Art, then, is a unique world view that is capable of communicating to and expanding the intellectual horizons of some significant audience. Expanding horizons implies the capability of changing minds. Art that preaches to the faithful is not art at all; it is propaganda. As such, art is comprised of two modes of expression in addition to the artistic craft.

 

The first mode of expression is some connection to content; some rational, discrete and analytical mode of thinking, if only by context. Without this, art is merely good craft, or wallpaper.

 

The second mode is the reptilian, or limbic area of the brain; the pleasant patterns, soothing rhythms, and emotional content. Without this the work has no impact, or emotional power.

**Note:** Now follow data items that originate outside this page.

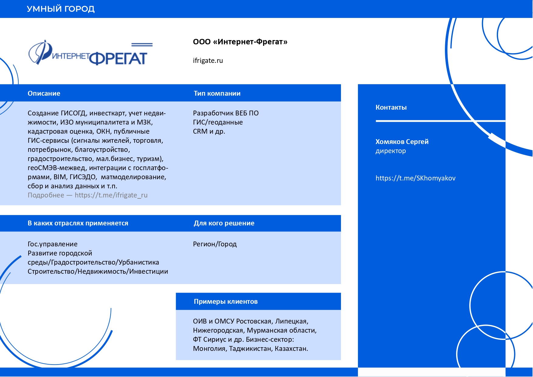 Компания «Интернет-Фрегат» с 2003 года входит в ассоциацию РУССОФТ. На протяжении многих лет мы создаём решения для городов: ГИСОГД (государственные системы градостроительной деятельности), инвестиционные карты, учёт и инвентаризацию недвижимости, единые кадастровые реестры, сервисы для объектов культурного наследия, интеграции с госплатформами и СМЭВ, публичные геосервисы, BIM-моделирование, ГИС-документооборот и аналитические инструменты. Благодаря такому опыту создание Карты решений для Умного города невозможно представить без нашего участия.
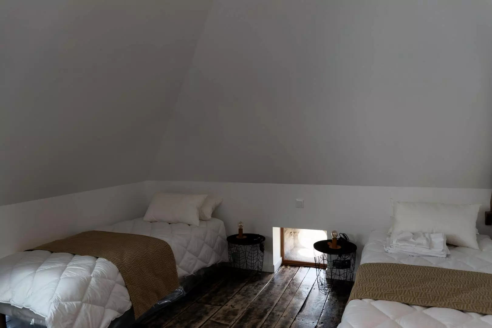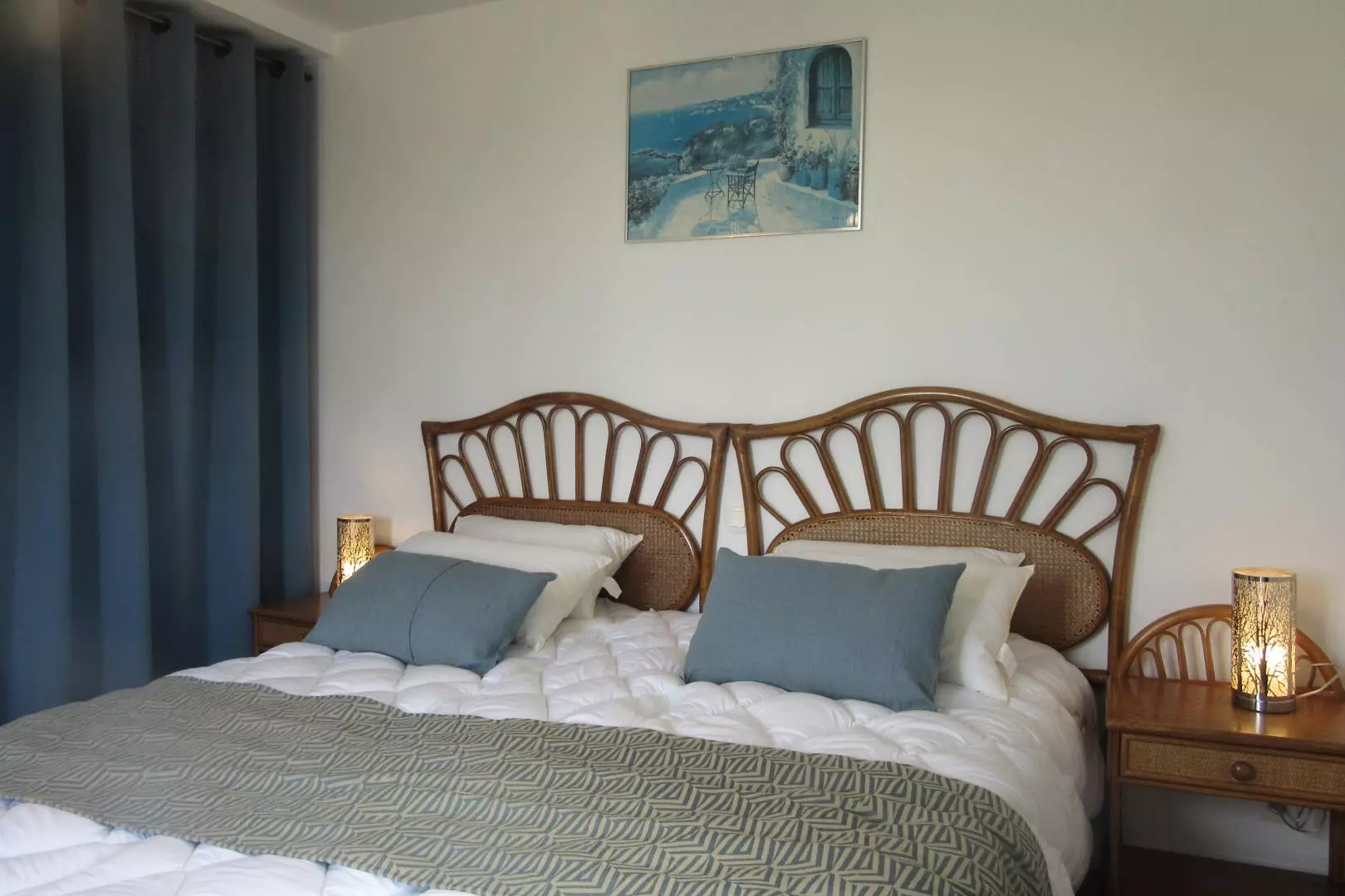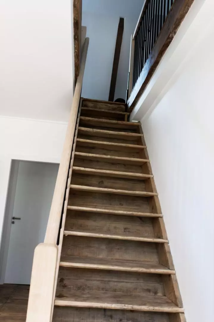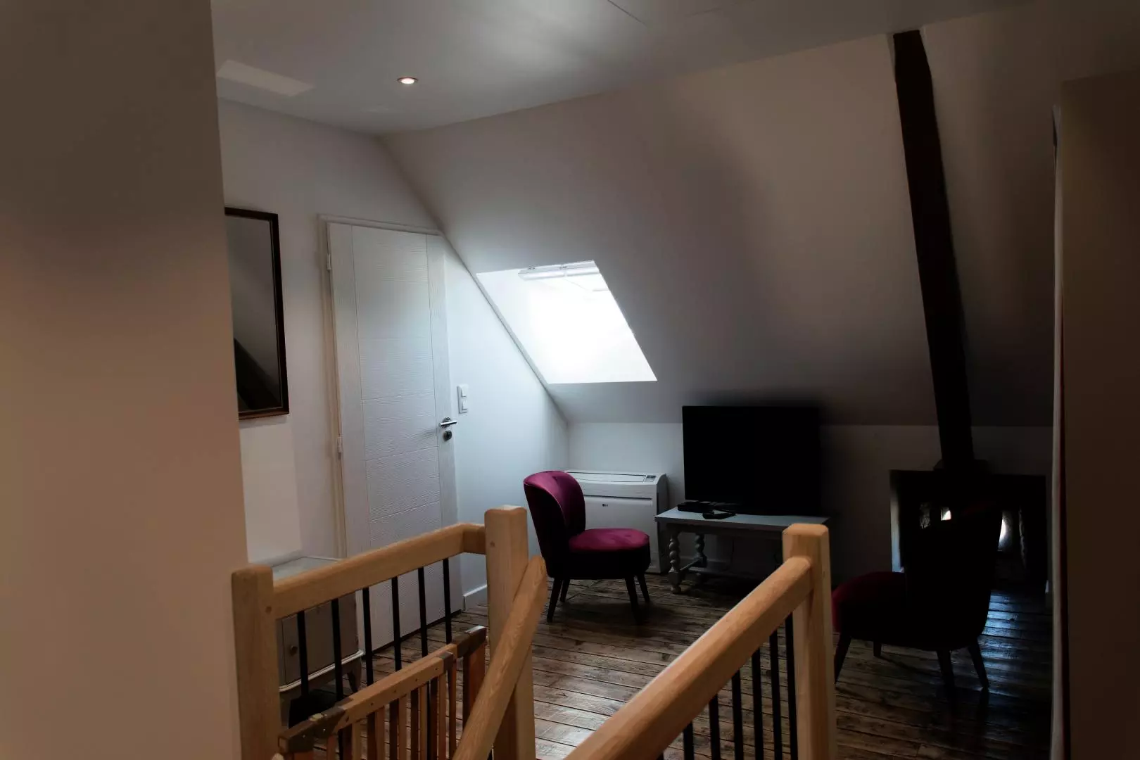 A l'étage un coin salon avec téléviseur dessert 1 chambre lit doubles 140x200, 1 chambre 2 lits 90 cm qui peuvent se jumeler et 1 chambre 3 lits simples 90 cm, dont 2 peuvent être jumelés.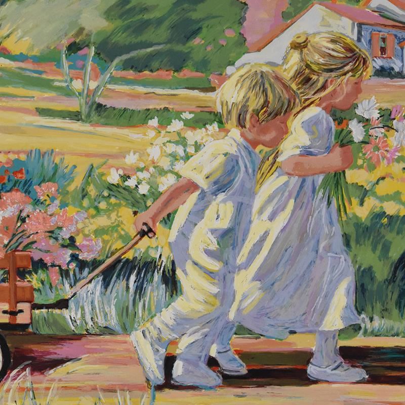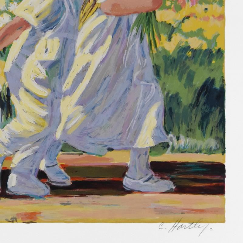 "Taking Puppy Home" is a hand embellished limited edition lithograph on paper by Corinne Hartley, numbered and hand signed by the artist. Includes Letter of Authenticity. Measures approx. 22" x 15.5" (border), 20" x 13.5" (image). ** Please note: due to the age of this piece there is some wear on the corners and edges; particularly, the bottom-right border area is creased. **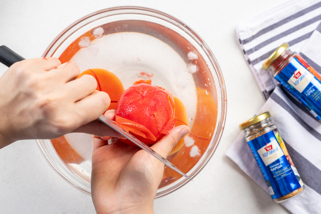 Затем помидоры полностью залить кипятком и оставить на 1 минуту. Далее помидоры сразу же переложить в холодную воду с кусочками льда. Кожица легко снимется в направлении к черешку. В последнюю очередь вырезать место черешка.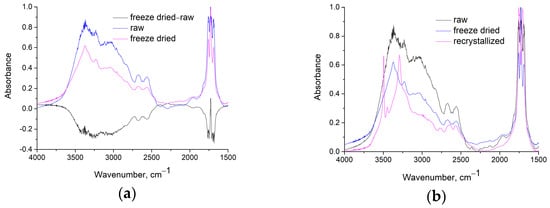 (a) FTIR spectra of the raw and the freeze-dried samples and their subtracted spectra (freeze dried-raw) and (b) FTIR of the raw, recrystallized and freeze-dried samples.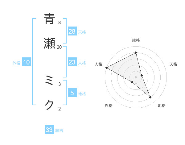 青瀬 ミクさんの総格は33画の4点!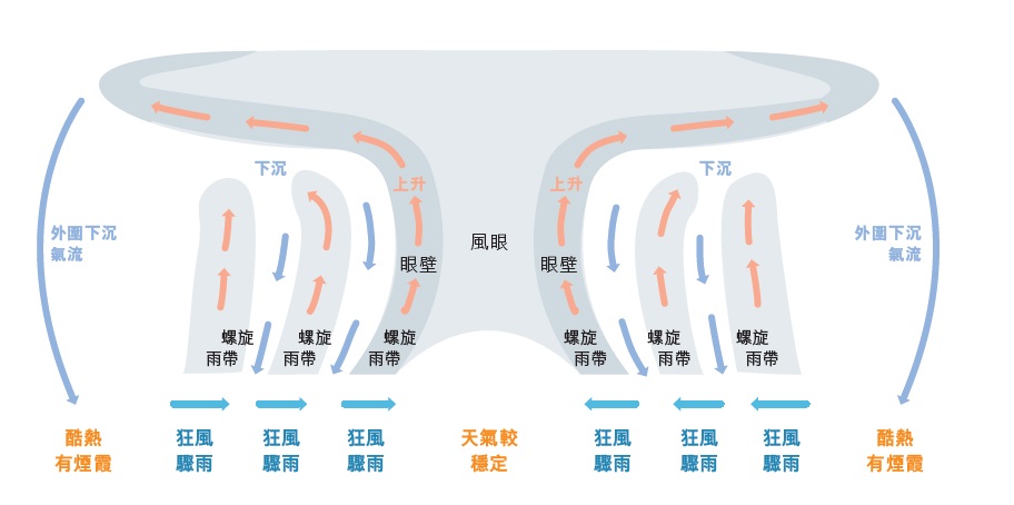 上圖顯示熱帶氣旋的大致結構:首先,我們看看熱帶氣旋的中心,一些較強的熱帶氣旋在其中心可能出現風眼,這裡的風勢較微弱,反而在中心周圍有猛烈的上升氣流,上升氣流處於雨帶的位置,雨帶經過的地方天氣惡劣,通常會有狂風暴雨。當上升氣流到達對流層頂時,由於更高層大氣(即平流層)一般處於穩定狀態,氣流不能再上升,隨之會往水平方向由中心往外擴散,最終在熱帶氣旋較外圍位置形成下沉氣流。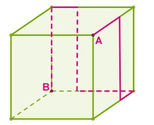 Муха ползает по поверхности куба вдоль красной линии от точки A к точке B.

This serves three necessary purposes. The first, and most obvious purpose, is that it gets and holds the audience’s attention. The second purpose is that such impact has the power to change minds, that is, to expand the intellectual horizon of some audience. The final purpose, and most obscure, is obscurity itself. The impact of art is most often derived by tricking the audience. By focusing the audience’s attention on emotional content, it removes it from the direct analysis of the content by the rational, discrete and analytical modes of thinking. The content or world view is delivered most often as subtext, and avoids the challenge of rigorous analytical inspection. Good art is very much akin to subliminal advertising. By focusing the audience’s mind on the primitive limbic area of the brain the actual rational content of the work can be quietly passed into the audience’s awareness while bypassing the critical, skeptical and analytical functions of the higher brain centers. It is the old bait and switch method of mind manipulation.

 

It is also Nietzsche’s complaint; the poets always lie.

 

This is the difference between art and philosophy. Rational intellectuals such as Wittgenstein, Bohr, Einstein and Russell deal strictly with rational, discrete and analytical modes of thinking. As such, they present clearly expressed world views that are of incalculable value. And as such, these world views are open to intellectual skepticism and analytical probing. They are honestly presented and may be accepted or rejected by anyone possessing the intellectual horsepower to do so.

 

They are not artists, in the sense that their content is not delivered with impact and subversion.

 

Real art contains at least several significant different spectra, the analytical/emotional and the content/wallpaper.

 

In addition, art, in order to be art at all as defined by how effective it is at changing minds, must be created by an artist who has significant skills at that craft relevant to the media. These skills are not insignificant and they are necessary for art to be effective.

 

For any significant work of art, skillful craftsmanship involves complexity. Complexity give and artistic work depth. This is not the depth that pertains to the world view, but the depth that means the work is complex and layered and therefore is constantly revealing its content in new ways. It is complexity and depth that makes a work of art eternally fresh, always engaging, much in the same way as human relations are comprised of entities that are comfortable and loved and, at the same time, challenging and evolving. Sometimes complexity is achieved by mixing media, sometimes by context, often within the piece itself. An image of the fractal complexity of a real tree, for example,  is more engaging on a long term basis than the mere triangle-on-a-stick symbol for a tree, which palls immediately.

 

So, as a final definition, art is a unique and significant world view that is capable of communicating to and expanding the intellectual horizons of some significant audience, utilizing skillful craftsmanship, including depth and complexity, and employing a positive connection to some rational, analytical underpinning of its world view by means of an effective emotional impact.